2. Instrumental convergence - an AI doesn't need to specifically hate you to hurt you; a paperclip maximizer doesn't hate you but you're made out of atoms that it can use to make paperclips, so leaving you alive represents an opportunity cost and a number of foregone paperclips. Similarly, paperclip maximizers want to self-improve, to perfect material technology, to gain control of resources, to persuade their programmers that they're actually quite friendly, to hide their real thoughts from their programmers via cognitive steganography or similar strategies, to give no sign of value disalignment until they've achieved near-certainty of victory from the moment of their first overt strike, etcetera.

3. Rapid capability gain and large capability differences - under scenarios seeming more plausible than not, there's the possibility of AIs gaining in capability very rapidly, achieving large absolute differences of capability, or some mixture of the two. (We could try to keep that possibility non-actualized by a deliberate effort, and that effort might even be successful, but that's not the same as the avenue not existing.)

4. 1-3 in combination imply that Unfriendly AI is a critical Problem-to-be-solved, because AGI is not automatically nice, by default does things we regard as harmful, and will have avenues leading up to great intelligence and power.

If we get this far we're already past the pool of comparisons that Bryan Caplan draws to phenomena like industrialization. If we haven't gotten this far, I want to know which of 1-4 Caplan thinks is false.

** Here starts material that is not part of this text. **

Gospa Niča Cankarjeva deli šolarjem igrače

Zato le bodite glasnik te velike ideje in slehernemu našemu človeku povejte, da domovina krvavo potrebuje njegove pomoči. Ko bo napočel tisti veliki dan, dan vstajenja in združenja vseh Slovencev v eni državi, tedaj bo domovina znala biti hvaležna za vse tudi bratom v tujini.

But there are further reasons why the above Problem might be *difficult* to solve, as opposed to being the sort of thing you can handle straightforwardly with a moderate effort:

A. Aligning superhuman AI is hard to solve for the same reason a successful rocket launch is mostly about having the rocket *not explode*, rather than the hard part being assembling enough fuel. The stresses, accelerations, temperature changes, etcetera in a rocket are much more extreme than they are in engineering a bridge, which means that the customary practices we use to erect bridges aren't careful enough to make a rocket not explode. Similarly, dumping the weight of superhuman intelligence on machine learning practice will make things explode that will not explode with merely infrahuman stressors.

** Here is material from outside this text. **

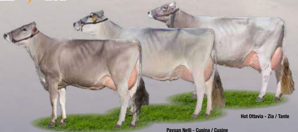
Jucator Germana - Madre / Mutter

B. Aligning superhuman AI is hard for the same reason sending a space probe to Neptune is hard - you have to get the design right the *first* time, and testing things on Earth doesn't solve this because the Earth environment isn't quite the same as the Neptune-transit environment, so having things work on Earth doesn't guarantee that they'll work in transit to Neptune. You might be able to upload a software patch after the fact, but only if the antenna still works to receive the software patch - if a critical failure occurs, one that prevents further software updates, you can't just run out and fix things; the probe is already too far above you and out of your reach. Similarly, if a critical failure occurs in a sufficiently superhuman intelligence, if the error-recovery mechanism itself is flawed, it can prevent you from fixing it and will be out of your reach.

C. And above all, aligning superhuman AI is hard for similar reasons to cryptography being hard. If you do everything *right*, the AI won't oppose you intelligently; but if something goes wrong at any level of abstraction, there may be cognitive powerful processes seeking out flaws and loopholes in your safety measures. When you think a goal criterion implies something you want, you may have failed to see where the real maximum lies. When you try to block one behavior mode, the next result of the search may be another very similar behavior mode that you failed to block. This means that safe practice in this field needs to obey the same kind of mindset as appears in cryptography, of "Don't roll your own crypto" and "Don't tell me about the safe systems you've designed, tell me what you've broken if you want me to respect you" and "Literally anyone can design a code they can't break themselves, see if other people can break it" and "Nearly all verbal arguments for why you'll be fine are wrong, try to put it in a sufficiently crisp form that we can talk math about it" and so on. ( )

And on a meta-level:

D. These problems don't show up in qualitatively the same way when people are pursuing their immediate incentives to get today's machine learning systems working today and today's robotic cars not to run over people. Their immediate incentives don't force them to solve the bigger, harder long-term problems; and we've seen little abstract awareness or eagerness to pursue those long-term problems in the absence of those immediate incentives. We're looking at people trying to solve a rocket-accelerating cryptographic Neptune probe and who seem to want to do it using substantially less real caution and effort than normal engineers apply to making a bridge stay up. Among those who say their goal is AGI, you will search in vain for any part of their effort that spends as much effort trying to poke holes in things and foresee what might go wrong on a technical level, as you would find allocated to the effort of double-checking an ordinary bridge. There's some noise about making sure the bridge and its pot o' gold stays in the correct hands, but none about what strength of steel is required to make the bridge not fall down and say what does anyone else think about that being the right quantity of steel and is corrosion a problem too.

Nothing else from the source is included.